Из ряда экипажей, не без больших затруднений, успела наконец отделиться коляска, запряженная парою, в которой уединенно сидела молодая женщина, одетая просто, но довольно изящно. Она, то есть коляска, которая была как две капли воды похожа на все коляски в мире, готова уже была повернуть на Исакиевский мост, как вдруг, откуда ни возьмись, с Английской набережной налетели парные сани, в которых сидел мужчина, с лицом, закутанным в меховой воротник шинели. Кучер, управлявший коляскою, принужден был осадить лошадей, чтоб предупредить столкновение, грозившее бедой неминучей. Сани тоже остановились. Вероятно, удивленные непредвиденной остановкой, мужчина и дама в одно время подняли головы, любопытствуя узнать, что случилось. Взор мужчины упал на даму; взор дамы – на мужчину. Восклицание изумления вылетело из уст дамы; какой-то испуг, смешанный с оттенком радости, выразился в глазах мужчины. Коляска тронулась.

– Пошел за этой коляской! – сказал мужчина своему кучеру.

Экипажи помчались один за другим по Исакиевскому мосту. Разумеется, что всё это случилось в минуту.

Коляска остановилась в дальней линии Васильевского острова за Средним проспектом; сани тоже. Дама вошла в ворота каменного дома и начала взбираться по лестнице; мужчина тоже. Дама вошла в комнату, мужчина за ней.

– Боже мой! Вы здесь? И осмелились! – сказала дама, когда увидела молодого человека, неотступно следовавшего за нею.

– Да, здесь, у ног ваших, прекрасная Александрина! – отвечал он, рассматривая незнакомку.

– Ради бога, удалитесь, оставьте меня! Всё между нами кончено!
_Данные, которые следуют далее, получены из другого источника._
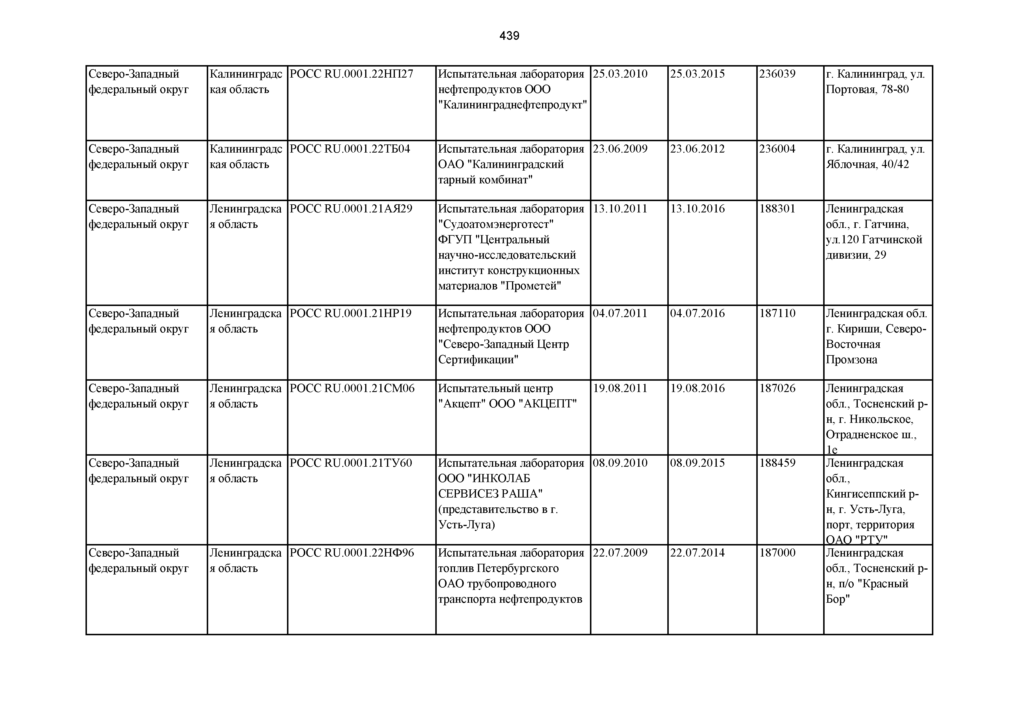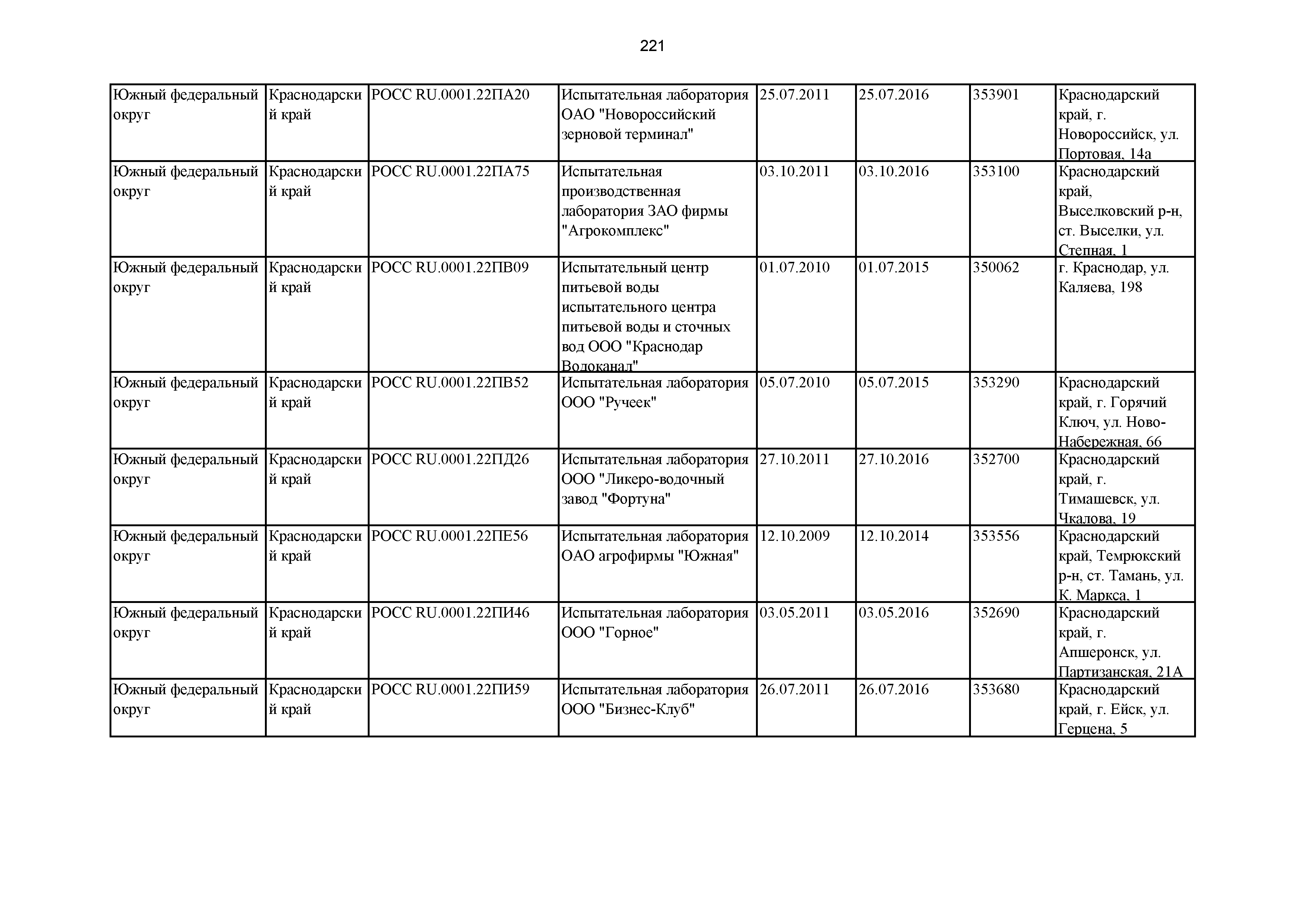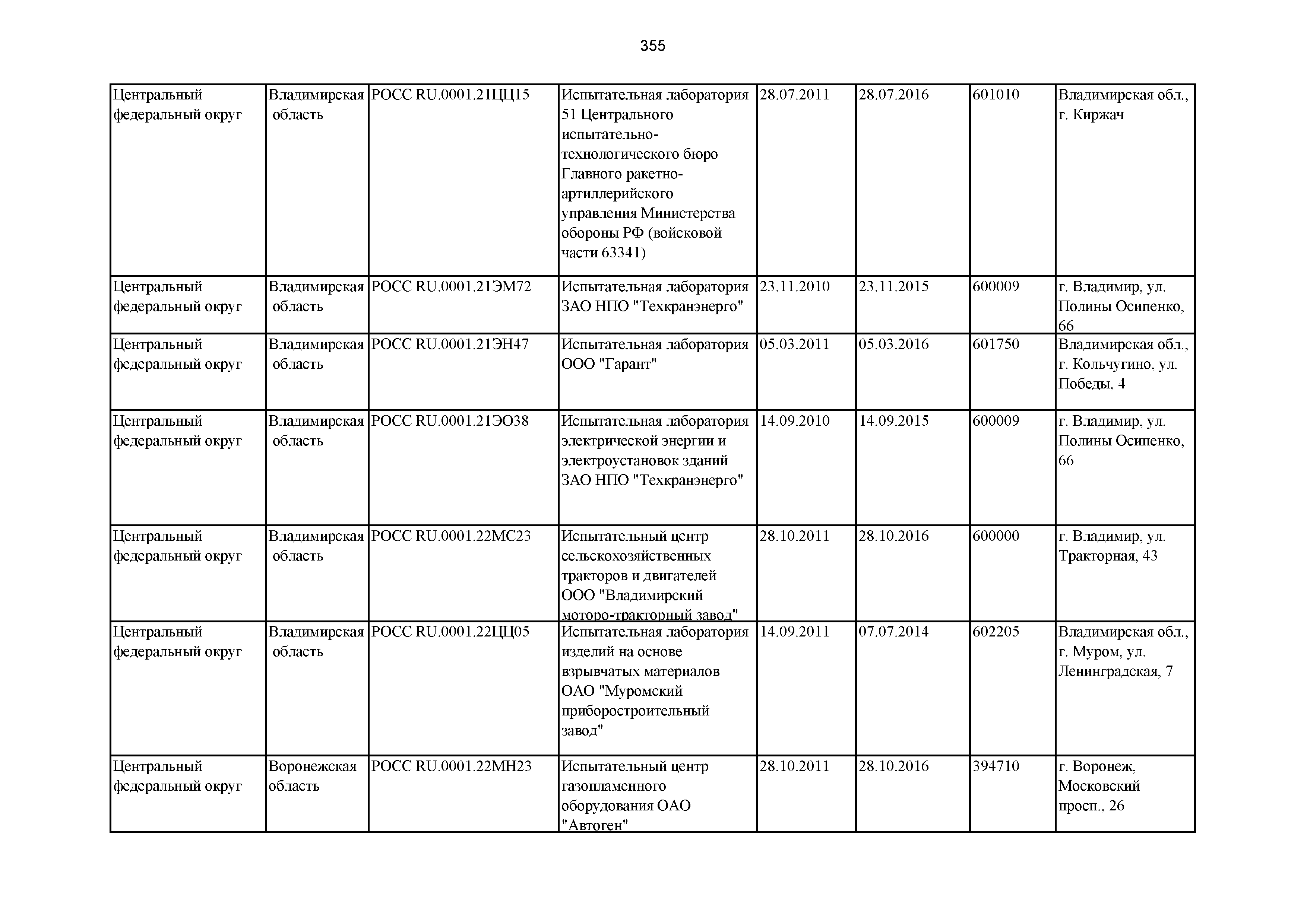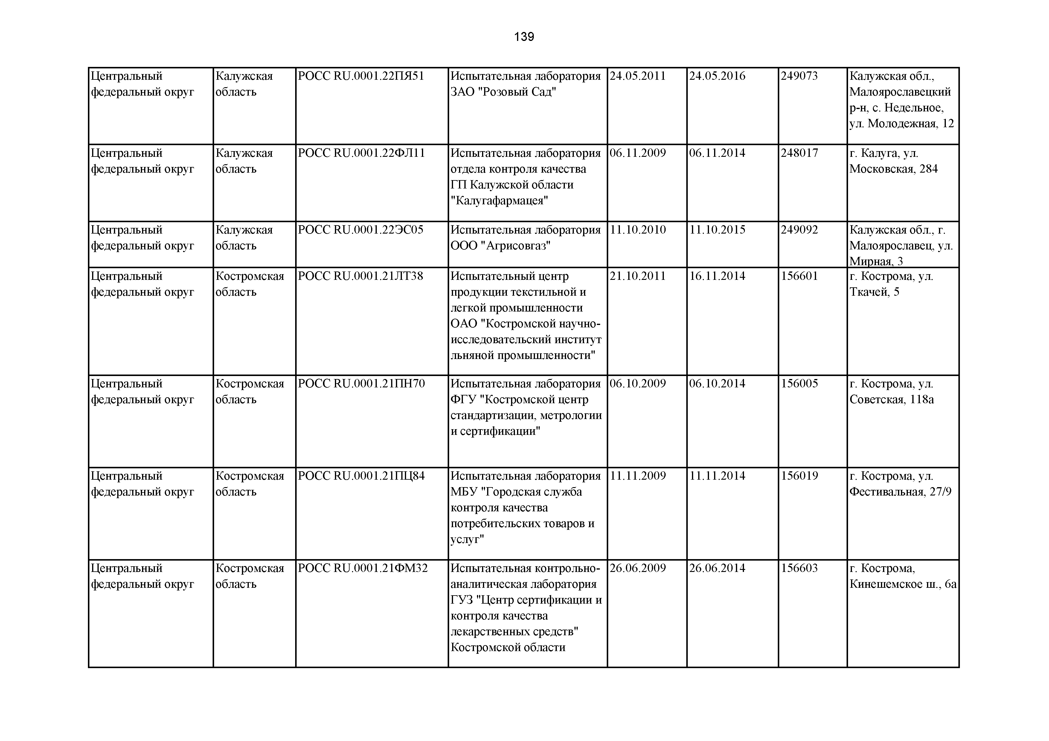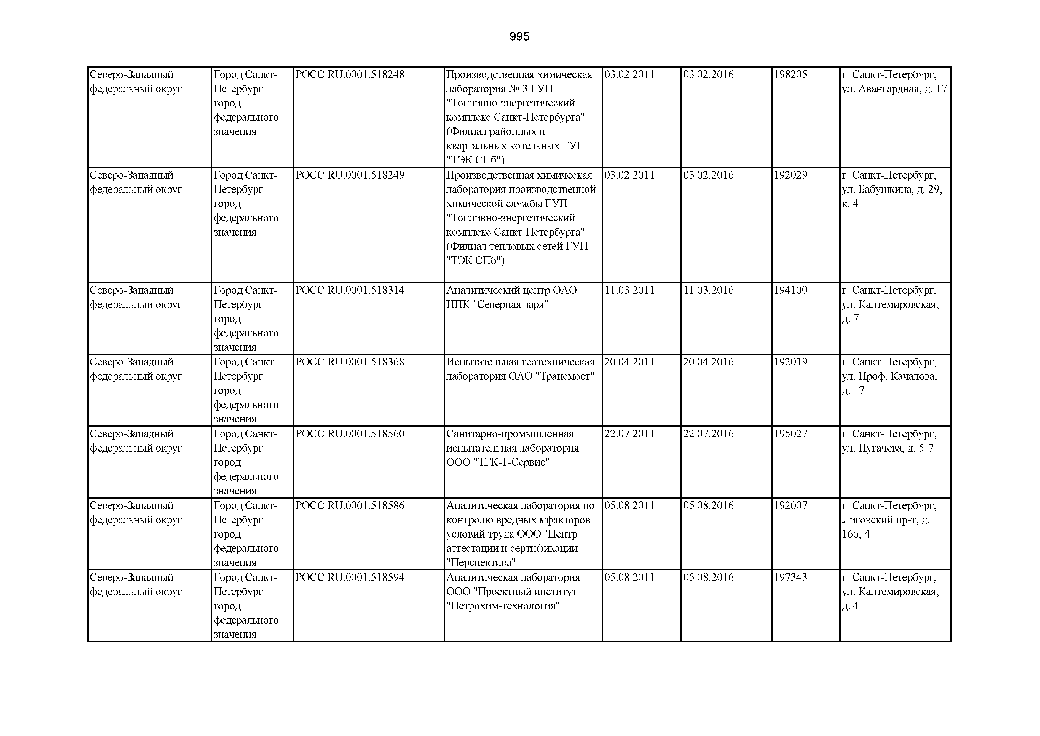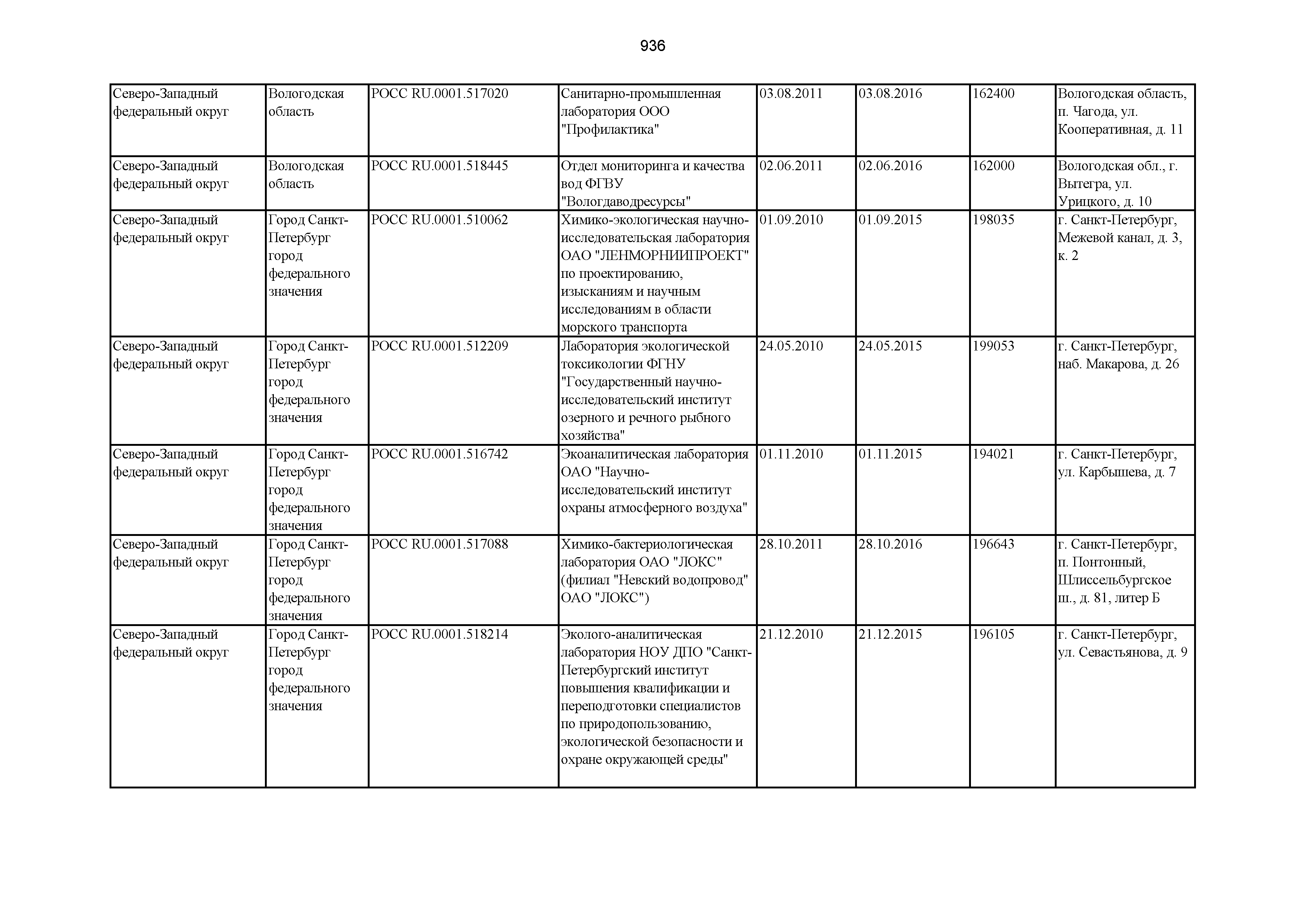 | Оглавление: | Приложение 1. План инспекционного контроля деятельности аккредитованных испытательных лабораторий (центров) и метрологической службы на 2012 год Приложение 2. План инспекционного контроля деятельности аккредитованных Органов по сертификации на 2012 год Приложение 3. План инспекционного контроля деятельности аналитических лабораторий (центров) на 2012 год Приложение 4. План инспекционного контроля в области обеспечения пожарной безопасности на 2012 год Приложение 5. План инспекционного контроля в области связи на 2012 год Приложение 6. План инспекционного контроля в области железнодорожного транспорта на 2012 год |
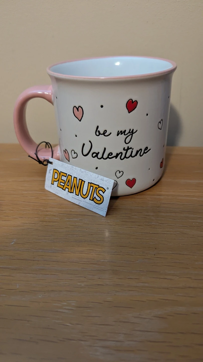 This charming Peanuts mug features Snoopy on an envelope with hearts and the "be my Valentine" message. It has a pink handle and trim. Ceramic construction.
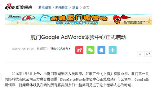 南方區(qū)最重要的Google AdWords 體驗中心落戶廈門啟動運營 感謝政府與媒體的支持與持續(xù)關(guān)注
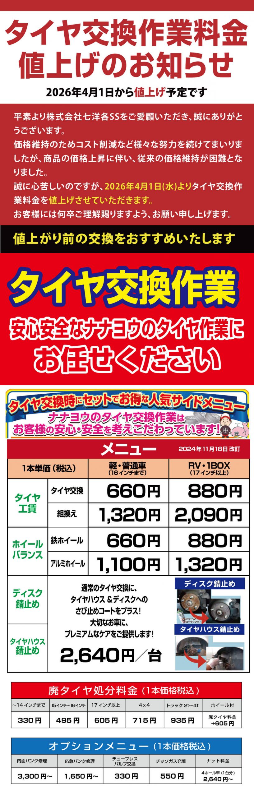 3月のキャンペーン タイヤ交換作業
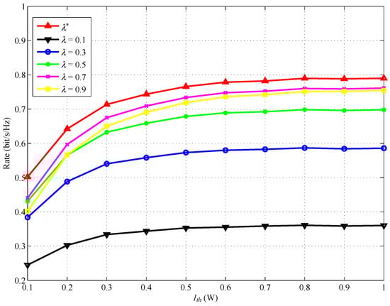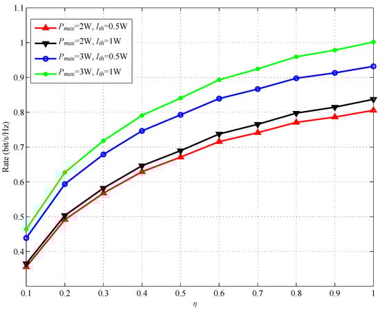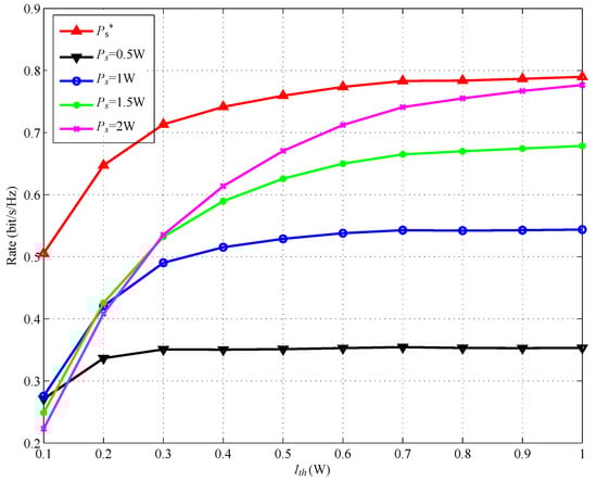 Figure 8 shows the achievable rate versus with different and . The distance between SSN and RSN, , is set to be 1. In Figure 8, we can find that the achievable rate increases with the . This is due to the fact that, with larger , RSN can harvest more energy to help forward the SSN information, which leads to a larger achievable rate at DSN. Figure 9 shows the optimal versus with different . The interference threshold is set to be 1 W. It can be observed from Figure 9 that decreases with the increase of . Then, RSN can use more energy to forward SSN information, which also illustrates a larger achievable rate as shown in Figure 8.
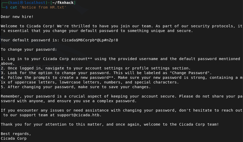 Downloaded that file. I’m gonna bet its a default password for a recently onboarded user. And it is lol Cicada$M6Corpb*@Lp#nZp!8.

– Почему так? Я, право, не вижу никакой причины… Я благословляю судьбу, которая привела меня еще раз в жизни видеть вас… Не поверите, сколько я страдал… Но вы сердитесь… Да, черт возьми! В самом деле, я такой повеса: женился, не сказав вам ни слова!

– Ах, замолчите! Не растравляйте ран моего сердца, которые только еще начали заживать…

– В самом деле? так вы всё еще меня помните… Полтора года! Славно, черт возьми!

– Ах, не шутите, не играйте чувствами. Я поняла теперь, как вам должна была казаться смешна слепая, беспредельная любовь неопытной девушки, простой, малообразованной, которой свет едва позволяет чувствовать, иметь свои желания, свои страсти…

– Вы жестоки сами к себе… Почему же…

– Да, хотя поздно, но я поняла всё. Я доверилась сердцу – и за то жестоко наказана…

– Вы напрасно, милая Александрина, предаетесь отчаянию… Для вас не всё еще потеряно.

– Нет, всё, всё потеряно! – сказала она со вздохом глубокого горя. – Ах, что я сделала!.. Но могло ли быть иначе? Помните ли вы положение, в котором вы нашли меня, когда в первый раз со мною встретились? Что я была такое? Что такое вся жизнь моя, как не цепь страданий? Теперь, когда уже всё между нами кончено, выслушайте меня, Орест Андреевич, и судите, достойна ли я того, как вы поступили со мной.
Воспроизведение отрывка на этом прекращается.